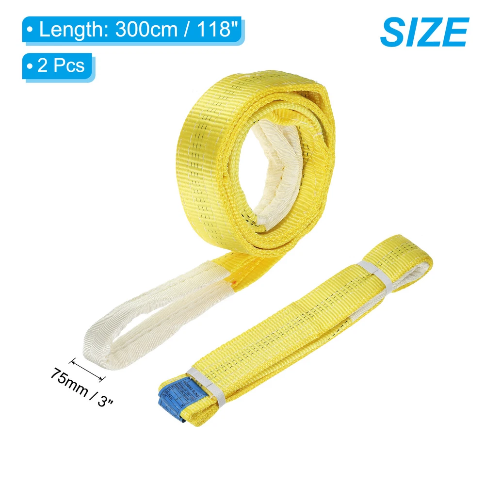 2 Pcs Lifting Slings Straps Polyester 9ft Flat Lifting Belts(6613lbs) Yellow
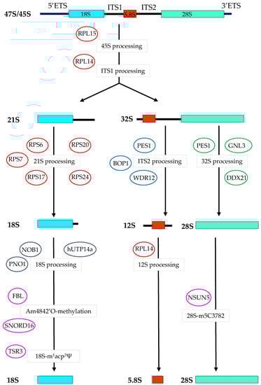 Schematic representation of ribosome biogenesis factors upregulated in colorectal cancer cells and their known sites of regulation of pre-rRNA processing pathways. The production of mature 18S, 5.8S, and 28S result from the synthesis and processing of a single 47S rRNA precursor characterized by noncoding 5′ and 3′ external transcribed spacers (ETS) and internal transcribed spacers (ITS1 and ITS2). In colorectal cancer cells, overexpression of the 45S rRNA is a biomarker of poor prognosis [87]. RPL15 is involved in pre-rRNA processing at the internal transcribed spacer 1 (ITS1) site of the 47S pre-rRNA and is overexpressed in CRC [148]. RPL14 controls the processing of the 45S pre-rRNA and 12S rRNA and is highly expressed in CRC [140]. RPS6, RPS7, RPS 17, RPS20, and RPS24 are involved in the formation of the 18S rRNA and are overexpressed in CRC respectively, in References [132,139,141,142,150]. Pescadillo homolog 1 (PES1), block of proliferation (BOP1), and WD-repeat domain 12 protein (WDR12) are involved in the formation of the 12S rRNA and overexpressed in CRC respectively, in References [113,122,130]. PES1 is also involved with DDX21 and GNL3 in the processing of the 32S to the 28S rRNA and GNL3 is overexpressed in CRC [116]. RPL14, which is overexpressed in CRC [141], further activates the processing of the 12S rRNA to mature 5.8S. 18S pre-rRNA processing is activated by NIN1 (RPN12) binding protein 1 homolog (NOB1) in cooperation with “partner of NOB1” (PNO1) which is overexpressed in CRC [151]. 18S pre-rRNA processing is also activated by human U3 protein (UTP) 14a (hUTP14a), and is overexpressed and constitutes a marker of poor prognosis in CRC [152]. Base and nucleotide modifications are important modifications that control late steps of rRNA maturation. The human nucleolar enzyme NSUN5 catalyzes the C5 methylation of cytosine residue C3782 of the 28S rRNA (18S-m5C3782) and is upregulated in CRC and associated with disease progression [153]. The C/D-Box small nucleolar RNA 16 (SNORD16) guides fibrillarin (FBL) to methylate the 2′O-ribose on the 18S-Am484 site and constitutes a molecular marker of CRC and a driver of colorectal tumorigenesis [154]. The ribosome biogenesis protein TSR3 induces the 1-methyl-3α-amino-α-carboxyl-propyl pseudouridine (m1acp3Ψ) modification on uridine U1248 of the 18S rRNA and is overexpressed in CRC and associated with colorectal tumorigenesis [155].
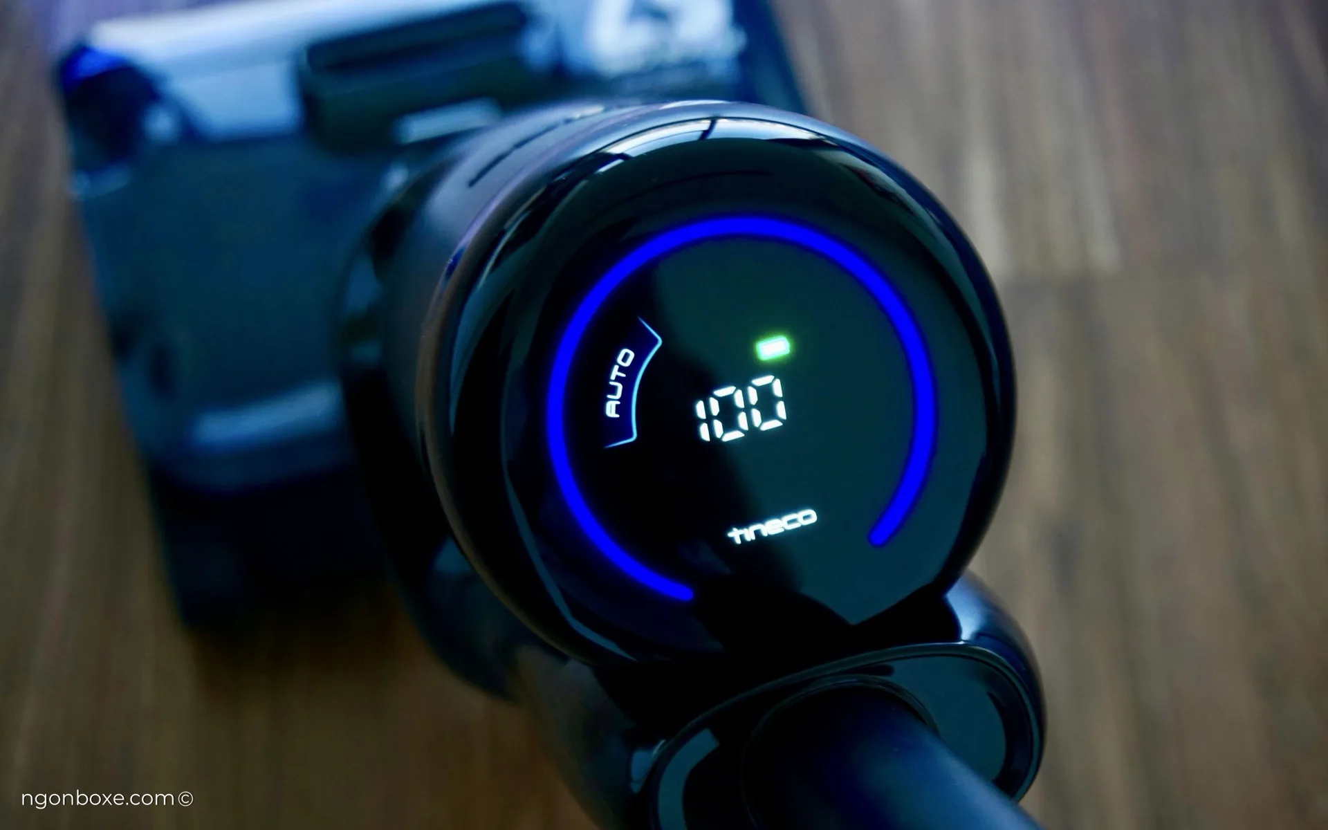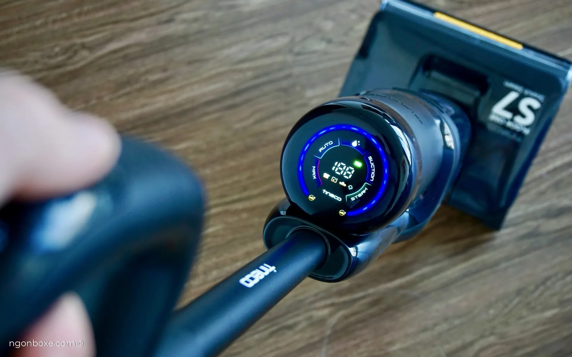 Tinenco S7 Stretch Steam vẫn được trang bị một màn hình hiển thị với đầy đủ các thông tin trực quan như chế độ hoạt động, thời lượng pin, các cảnh bảo và vòng hiển thị mức độ sạch của sàn nhà.

::::

> _GOAL OF THE EXERCISE_
With the pictures left out, write out all of the data exactly.

> _FINISHED TASK_
 2 Pcs Lifting Slings Straps Polyester 9ft Flat Lifting Belts(6613lbs) Yellow
 Schematic representation of ribosome biogenesis factors upregulated in colorectal cancer cells and their known sites of regulation of pre-rRNA processing pathways. The production of mature 18S, 5.8S, and 28S result from the synthesis and processing of a single 47S rRNA precursor characterized by noncoding 5′ and 3′ external transcribed spacers (ETS) and internal transcribed spacers (ITS1 and ITS2). In colorectal cancer cells, overexpression of the 45S rRNA is a biomarker of poor prognosis [87]. RPL15 is involved in pre-rRNA processing at the internal transcribed spacer 1 (ITS1) site of the 47S pre-rRNA and is overexpressed in CRC [148]. RPL14 controls the processing of the 45S pre-rRNA and 12S rRNA and is highly expressed in CRC [140]. RPS6, RPS7, RPS 17, RPS20, and RPS24 are involved in the formation of the 18S rRNA and are overexpressed in CRC respectively, in References [132,139,141,142,150]. Pescadillo homolog 1 (PES1), block of proliferation (BOP1), and WD-repeat domain 12 protein (WDR12) are involved in the formation of the 12S rRNA and overexpressed in CRC respectively, in References [113,122,130]. PES1 is also involved with DDX21 and GNL3 in the processing of the 32S to the 28S rRNA and GNL3 is overexpressed in CRC [116]. RPL14, which is overexpressed in CRC [141], further activates the processing of the 12S rRNA to mature 5.8S. 18S pre-rRNA processing is activated by NIN1 (RPN12) binding protein 1 homolog (NOB1) in cooperation with “partner of NOB1” (PNO1) which is overexpressed in CRC [151]. 18S pre-rRNA processing is also activated by human U3 protein (UTP) 14a (hUTP14a), and is overexpressed and constitutes a marker of poor prognosis in CRC [152]. Base and nucleotide modifications are important modifications that control late steps of rRNA maturation. The human nucleolar enzyme NSUN5 catalyzes the C5 methylation of cytosine residue C3782 of the 28S rRNA (18S-m5C3782) and is upregulated in CRC and associated with disease progression [153]. The C/D-Box small nucleolar RNA 16 (SNORD16) guides fibrillarin (FBL) to methylate the 2′O-ribose on the 18S-Am484 site and constitutes a molecular marker of CRC and a driver of colorectal tumorigenesis [154]. The ribosome biogenesis protein TSR3 induces the 1-methyl-3α-amino-α-carboxyl-propyl pseudouridine (m1acp3Ψ) modification on uridine U1248 of the 18S rRNA and is overexpressed in CRC and associated with colorectal tumorigenesis [155].
 Tinenco S7 Stretch Steam vẫn được trang bị một màn hình hiển thị với đầy đủ các thông tin trực quan như chế độ hoạt động, thời lượng pin, các cảnh bảo và vòng hiển thị mức độ sạch của sàn nhà.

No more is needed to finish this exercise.